이 포스트는 ICLR, 2016에 발표되었던 UNSUPERVISED REPRESENTATION LEARNING WITH DEEP CONVOLUTIONAL GENERATIVE ADVERSARIAL NETWORKS(DCGAN) 논문의 실습입니다.

Summary link -> link

from __future__ import print_function
#%matplotlib inline
import argparse
import os
import random
import torch
import torch.nn as nn
import torch.nn.parallel
import torch.backends.cudnn as cudnn
import torch.optim as optim
import torch.utils.data
import torchvision.datasets as dset
import torchvision.transforms as transforms
import torchvision.utils as vutils
import numpy as np
import matplotlib.pyplot as plt
import matplotlib.animation as animation
from IPython.display import HTML

# Set random seed for reproducibility
manualSeed = 0
#manualSeed = random.randint(1, 10000) # use if you want new results
print("Random Seed: ", manualSeed)
random.seed(manualSeed)
torch.manual_seed(manualSeed)

Inputs

dataroot - the path to the root of the dataset folder.
workers - the number of worker threads for loading the data with the DataLoader
batch_size - the batch size used in training. The DCGAN paper uses a batch size of 128
image_size - the spatial size of the images used for training. This implementation defaults to 64x64. If another size is desired, the structures of D and G must be changed. See here for more details
nc - number of color channels in the input images. For color images this is 3
nz - length of latent vector
ngf - relates to the depth of feature maps carried through the generator
ndf - sets the depth of feature maps propagated through the discriminator
num_epochs - number of training epochs to run. Training for longer will probably lead to better results but will also take much longer
lr - learning rate for training. As described in the DCGAN paper, this number should be 0.0002
beta1 - beta1 hyperparameter for Adam optimizers. As described in paper, this number should be 0.5
ngpu - number of GPUs available. If this is 0, code will run in CPU mode. If this number is greater than 0 it will run on that number of GPUs

# Root directory for dataset
dataroot = "data/celeba"

# Number of workers for dataloader
workers = 2

# Batch size during training
batch_size = 128

# Spatial size of training images.

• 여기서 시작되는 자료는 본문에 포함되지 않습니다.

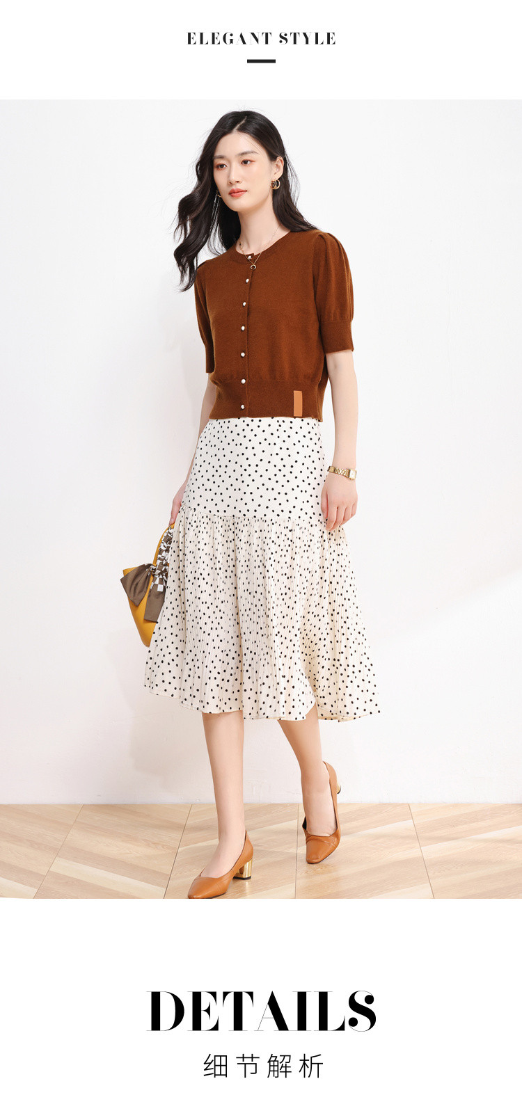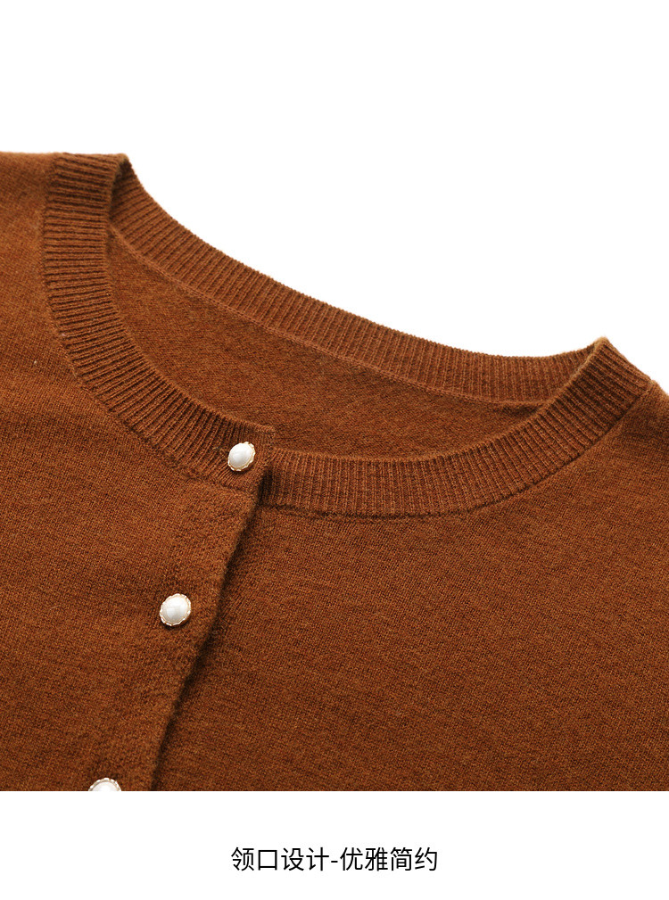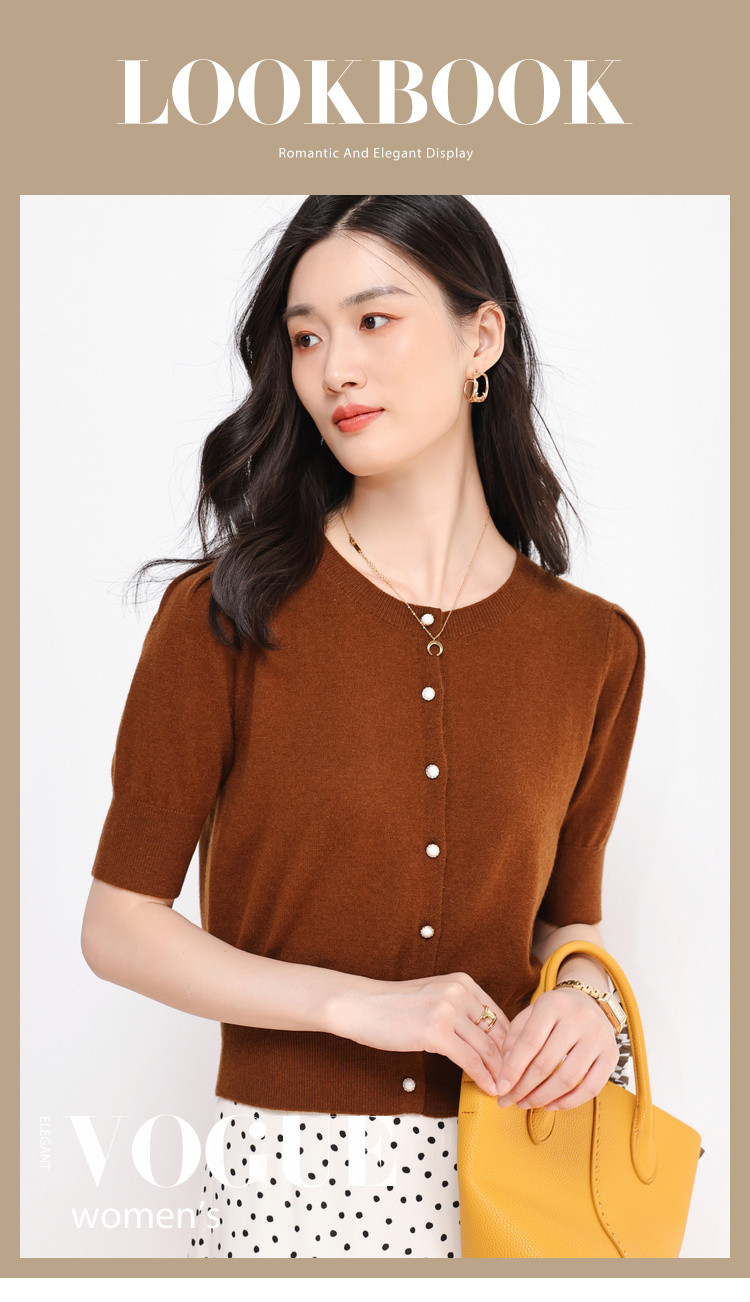 【100%绵羊毛】纯色泡泡袖圆领短袖羊毛开衫针织T恤毛衣外套 489619
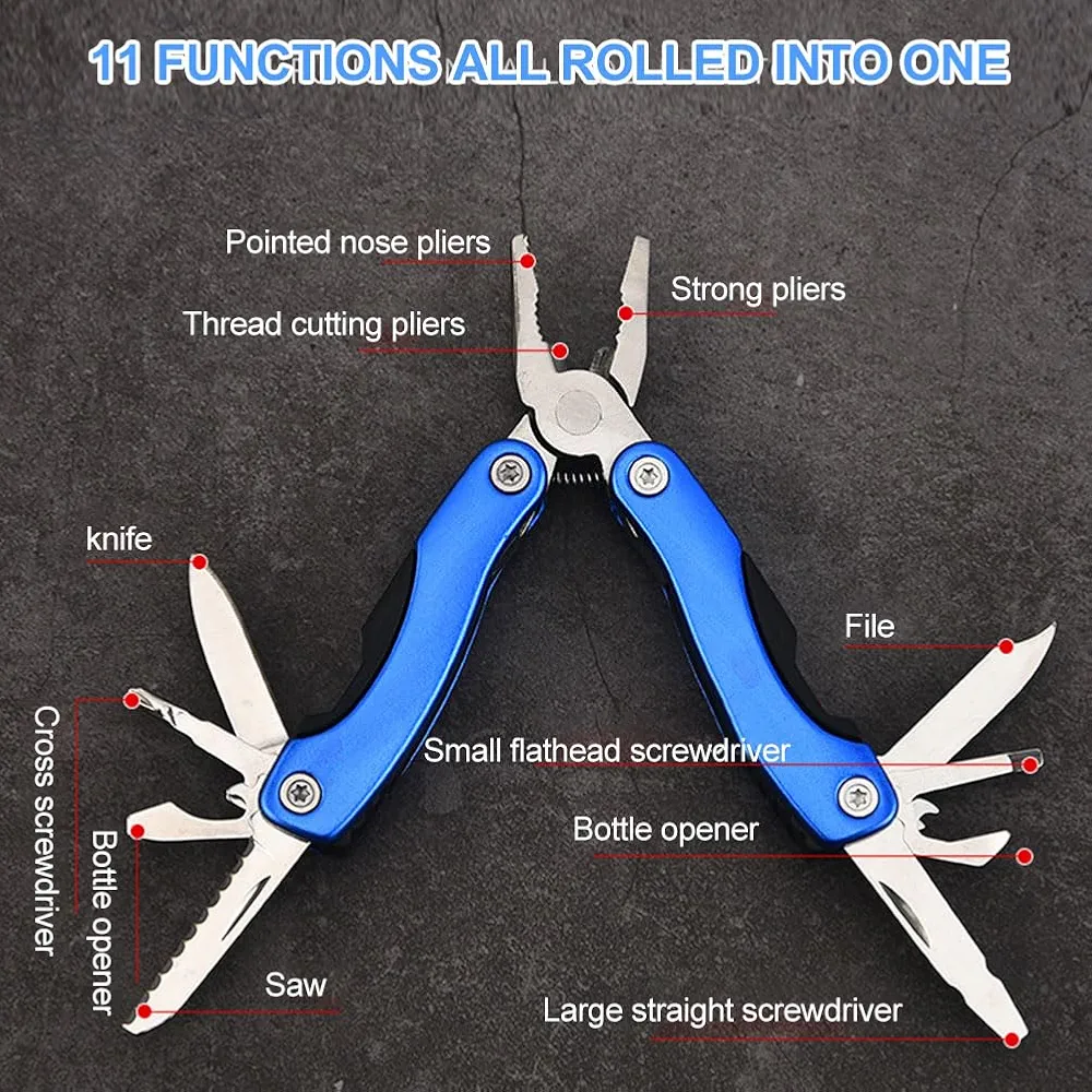 La pince multifonction 11 en 1 contient des outils tels qu’une pince à bec effilé, une pince standard, une pince à câble, un tire-bouchon, un tournevis à un mot, un tournevis cruciforme, une scie, un couteau, une lime à ongles, etc., peuvent répondre à vos différents besoins.

All images will be resized to this size using a transformer.
image_size = 64

# Number of channels in the training images. For color images this is 3
nc = 3

# Size of z latent vector (i.e. size of generator input)
nz = 100

# Size of feature maps in generator
ngf = 64

# Size of feature maps in discriminator
ndf = 64

# Number of training epochs
num_epochs = 5

# Learning rate for optimizers
lr = 0.0002

# Beta1 hyperparam for Adam optimizers
beta1 = 0.5

# Number of GPUs available. Use 0 for CPU mode.
ngpu = 2

Load Celeb-A faces dataset

Using ImageFolder dataset class, import images from the dataset's root folder

trans = transforms.Compose([
    transforms.Resize(image_size),
    transforms.CenterCrop(image_size),
    transforms.ToTensor(),
    transforms.Normalize((0.5, 0.5, 0.5), (0.5, 0.5, 0.5))
])
device = torch.device("cuda:0" if (torch.cuda.is_available() and ngpu > 0) else "cpu")
dataset = dset.ImageFolder(
    root = dataroot,
    transform = trans
)
# Create DataLoader
dataloader = torch.utils.data.DataLoader(dataset, batch_size=batch_size, shuffle=True, num_workers=workers)
# Plot some training images
real_batch = next(iter(dataloader))
plt.figure(figsize=(8,8))
plt.axis("off")
plt.title("Training Images")
plt.imshow(np.transpose(vutils.make_grid(real_batch[0].to(device)[:64], padding=2, normalize=True).cpu(),(1,2,0)))

DCGAN Implementation

Weight Initialization

DCGAN 논문에서, 저자는 모델의 가중치가 mean=0. stdev=0.2인 정규분포로 초기화된다고 합니다.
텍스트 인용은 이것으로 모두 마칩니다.